Segment Start: Provided data
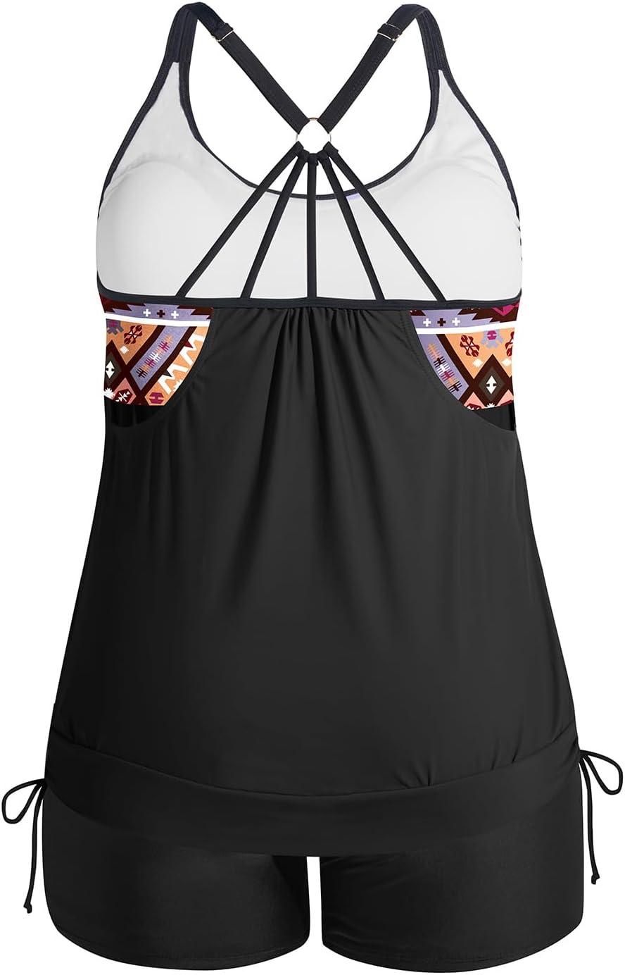 Holipick Blouson Tankini Swimsuits for Women – Two Piece Tummy Control Bathing Suit with Shorts Modest Swimwear(Black Tribal)
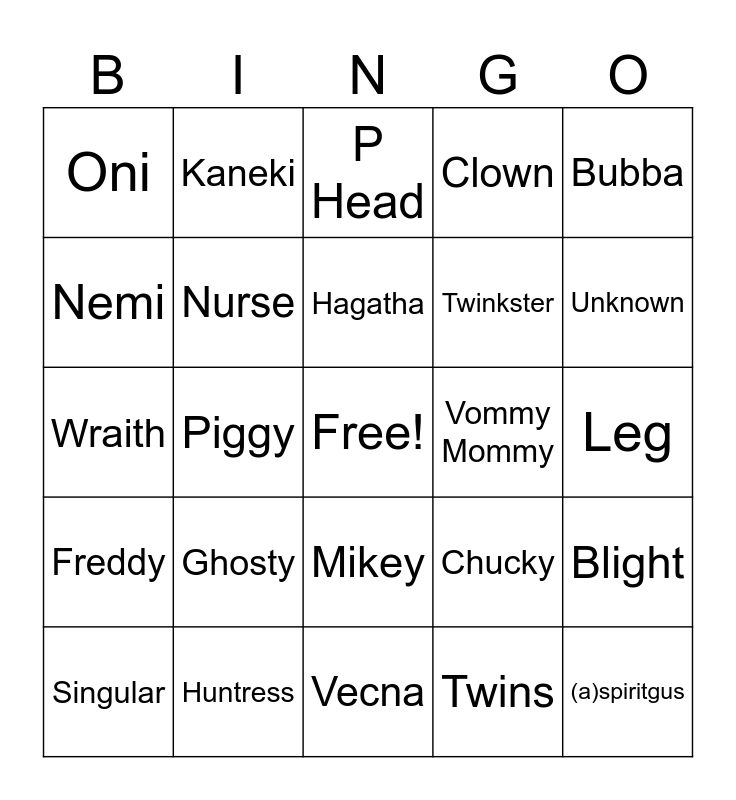 This bingo card has a free space and 40 words: Trapper, Wraith, Billy, Nurse, Huntress, Mikey, Hagatha, Dr pepper, Bubba, Freddy, Piggy, Clown, (a)spiritgus, Leg, Vommy Mommy, Ghosty, Buppy, Oni, Peepaw, P Head, Blight, Twins, Twinkster, Nemi, Pin Head, Artist, Onryo, Dredge, Wesky, Knight, Skull Merchant, Singular, Alien, Chucky, Unknown, Vecna, Dracula, Buppy Mommy, Kaneki and Springtrap.
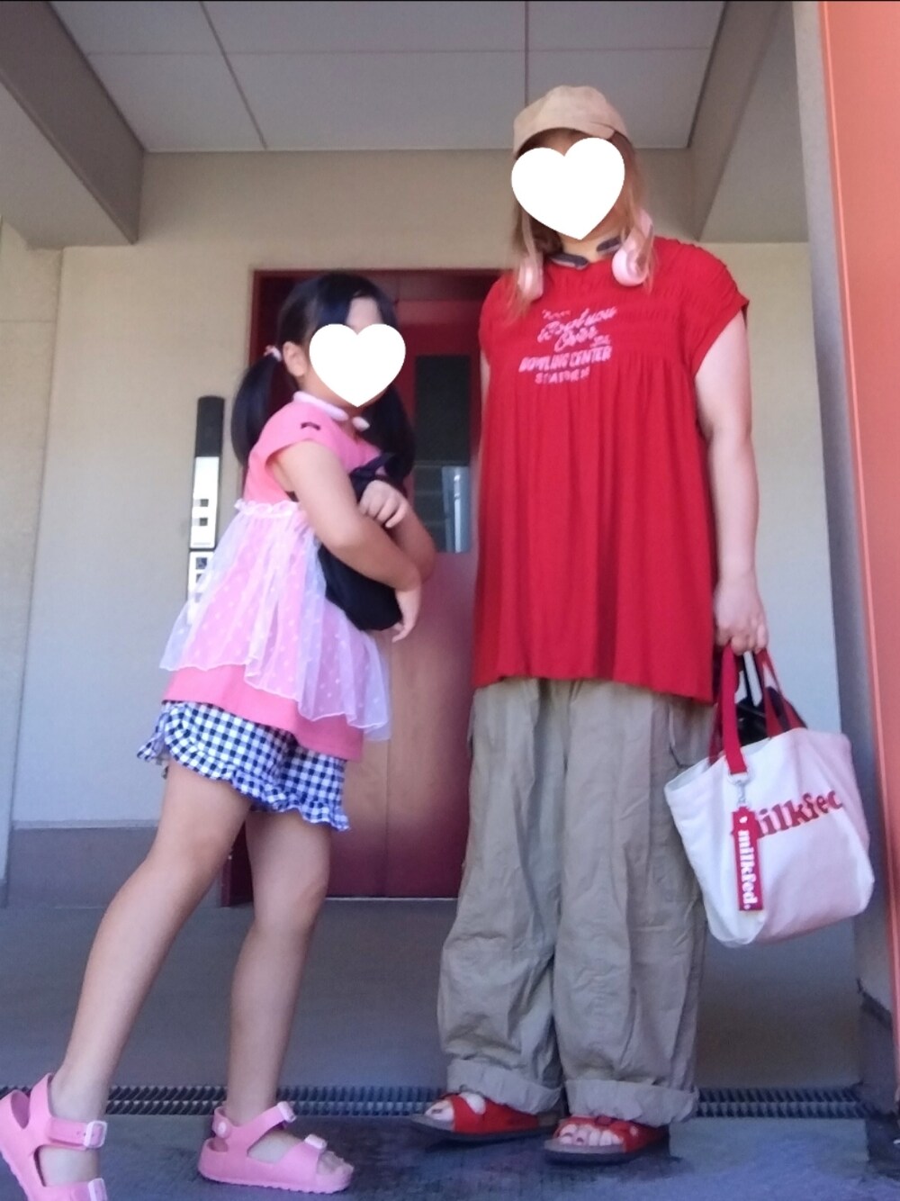 親子とも日曜に買った新アイテムを身につけて😄 娘のTシャツは半額でゲット! 母トップスは前から気になっていたやつで やっと試着できて、白と悩んで赤を購入 汗じみ防止ではないので気をつけます← 以上|彡サッ
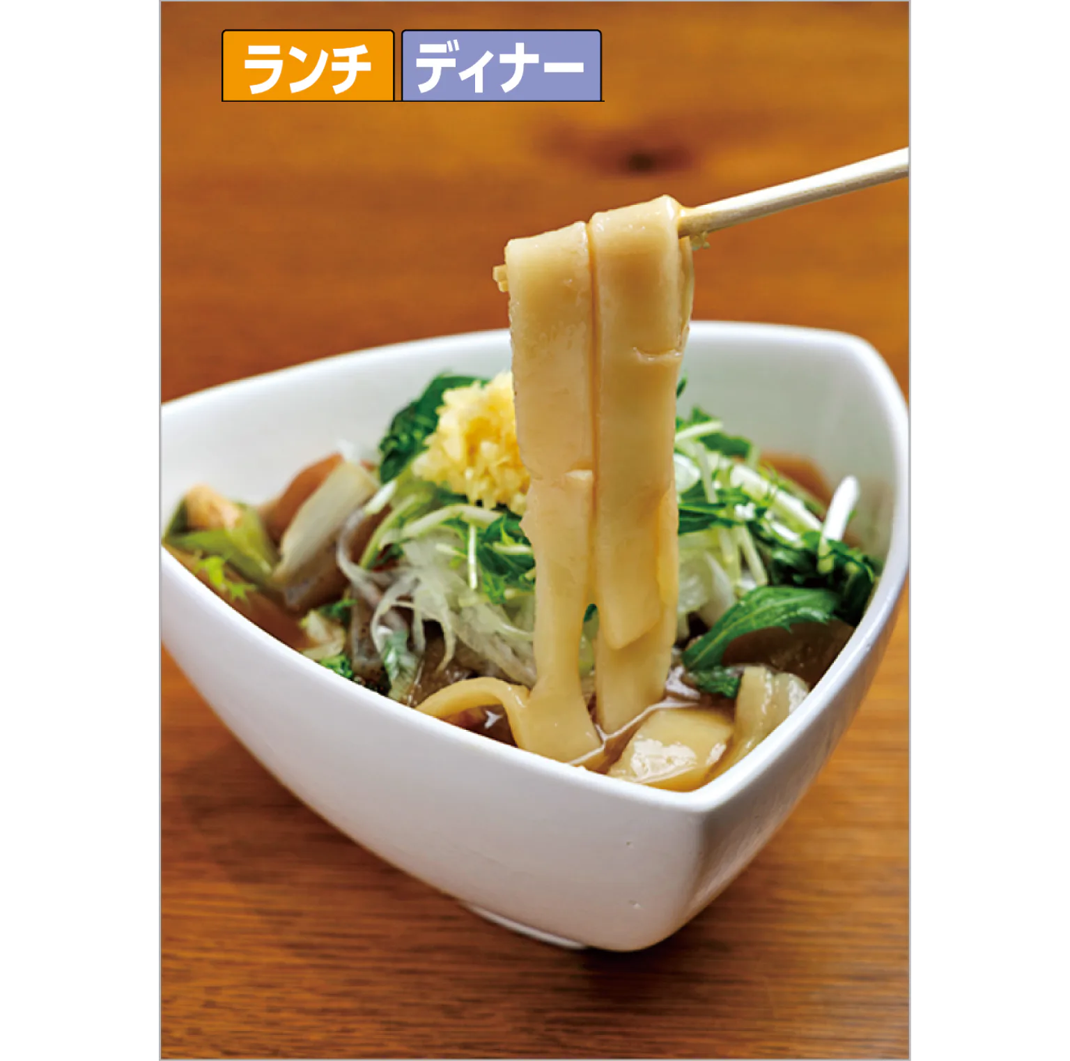 地粉を使ったひもかわうどんはつけ汁との相性抜群
Segment End: Provided data
*What this task involves:*
Beginning at the line that contains "This bingo card", retype each line of the data above through the very last one. Do not retype the pictures.

*Written answer:*
 This bingo card has a free space and 40 words: Trapper, Wraith, Billy, Nurse, Huntress, Mikey, Hagatha, Dr pepper, Bubba, Freddy, Piggy, Clown, (a)spiritgus, Leg, Vommy Mommy, Ghosty, Buppy, Oni, Peepaw, P Head, Blight, Twins, Twinkster, Nemi, Pin Head, Artist, Onryo, Dredge, Wesky, Knight, Skull Merchant, Singular, Alien, Chucky, Unknown, Vecna, Dracula, Buppy Mommy, Kaneki and Springtrap.
 親子とも日曜に買った新アイテムを身につけて😄 娘のTシャツは半額でゲット! 母トップスは前から気になっていたやつで やっと試着できて、白と悩んで赤を購入 汗じみ防止ではないので気をつけます← 以上|彡サッ
 地粉を使ったひもかわうどんはつけ汁との相性抜群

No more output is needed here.